As a common entomopathogen, M. anisopliae has been used to prepare a commercial fungal insecticide and is widely used in the biological control of various pests [45]. Similarly, M. anisopliae strains isolated from naturally diseased and dead RPWs have been shown to be pathogenic to larvae [17]. However, for the first time, in the present study, volatiles from the RPW larvae were found to inhibit the germination of the M. anisopliae spores, which confirmed the external immune function of the insect volatiles. These findings are strikingly similar to those reported by Pu et al. [44] for the oral secretions of the RPW larvae and explain why the food and residues that the larvae have come into contact with are not prone to rot and mold and why the living environment emits a special odor.

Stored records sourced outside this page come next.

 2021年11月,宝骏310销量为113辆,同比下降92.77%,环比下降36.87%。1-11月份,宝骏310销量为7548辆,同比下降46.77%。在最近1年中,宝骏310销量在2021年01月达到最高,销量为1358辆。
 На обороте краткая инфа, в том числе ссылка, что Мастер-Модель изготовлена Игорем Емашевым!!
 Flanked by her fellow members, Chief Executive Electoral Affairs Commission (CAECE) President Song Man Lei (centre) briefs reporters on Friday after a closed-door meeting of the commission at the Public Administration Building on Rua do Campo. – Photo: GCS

In the red flour beetle, Tribolium castaneum, the total amount of volatiles produced by adults increases with increasing population density [46]. As expected, the total emission and external inhibitory efficacy of RPW larval volatiles showed a simultaneous increase with instar, and the chemical components and relative amounts also responded to changes in developmental stage and pathogen stress with marked differences. However, whether other factors affect the volatile emission patterns of RPW larvae remains to be further explored.

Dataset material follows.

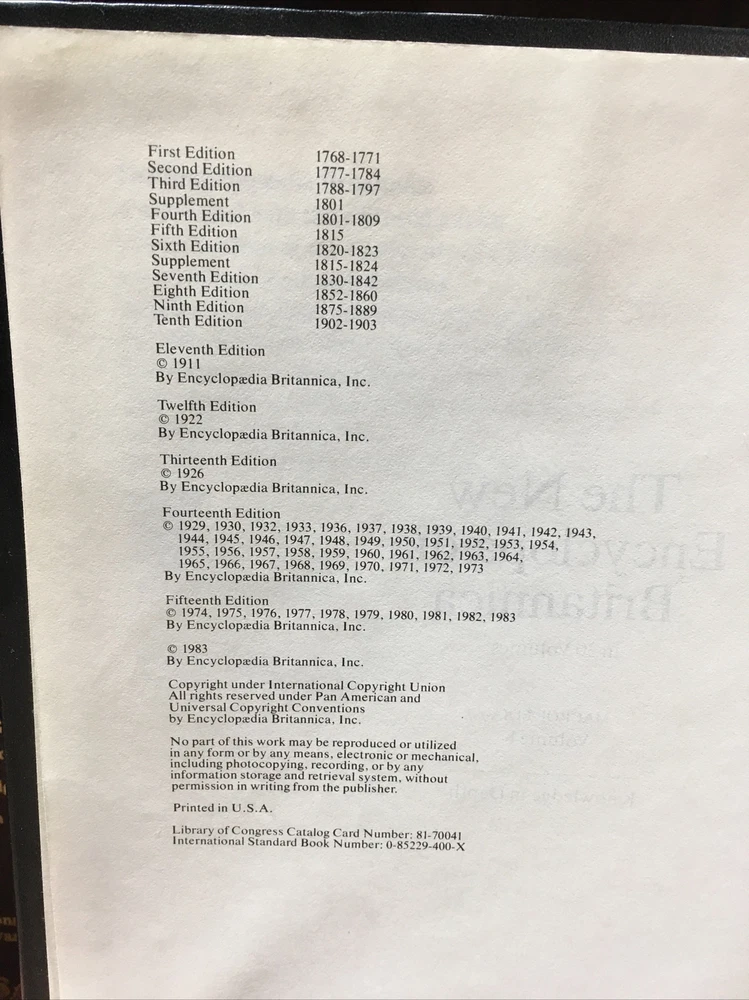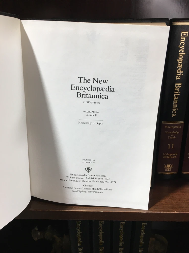 ENCYCLOPEDIA BRITANNICA MACROPAEDIA 19 VOLS 15TH EDITION 1983 LEATHER BOUND VERY GOOD CONDITION -- CLEAN COPY/NO MARKINGS ON THE INSIDE (see pics) *Item will be protected well for shipping and comes with a tracking number for confirmation.* I ship out items every day so expect a quick delivery!

Some of the volatile compounds found in the RPW larvae are consistent with those present in other insects. Wei et al. [31] reported that the main volatile components in L. migratoria were phenylacetonitrile, benzaldehyde, guaiacol, phenol, and 4-vinylanisole. Gross et al. [34] identified compounds including phenol, α-pinene, benzaldehyde, and phenylacetaldehyde among the external volatiles of H. axyridis. Obviously, the common components of the external volatiles of RPW larvae at different developmental stages also include guaiacol, α-pinene, benzaldehyde, and phenylacetaldehyde. Notably, styrene was identified as a core volatile shared by all larval developmental stages, and its origin from the larvae rather than lab contamination is supported by two key pieces of evidence. Firstly, styrene was not detectable in the blank control group due to the peak being too small, excluding contamination from lab air, glassware, or sealing film. Secondly, styrene’s relative content showed a consistent developmental trend—gradually increasing from 27.09% (5th instar) to 64.00% (11th instar)—a hallmark of biologically synthesized volatiles, distinct from random contaminant fluctuations. Previous studies have shown that these chemical compounds have inhibitory effects on different types of microorganisms. At a certain concentration, guaiacol can inhibit the growth of Aspergillus carbonarius and Penicillium [35]; α-pinene acts as an antifungal agent and can inhibit the growth of Candida albicans [47]; benzaldehyde can inhibit the growth of E. coli, M. luteus, and Saccharomyces [34]; and phenylacetaldehyde can inhibit the growth of S. aureus, E. coli, Salmonella typhimurium, Streptococcus pneumoniae, Erysipelothrix rhusiopathiae, and Saccharomyces cerevisiae [48]. Accordingly, it is speculated that the body volatiles present in the RPW larvae can also defend against infection by other specific pathogens in addition to M. anisopliae, which may play a more extensive role in external immune defense.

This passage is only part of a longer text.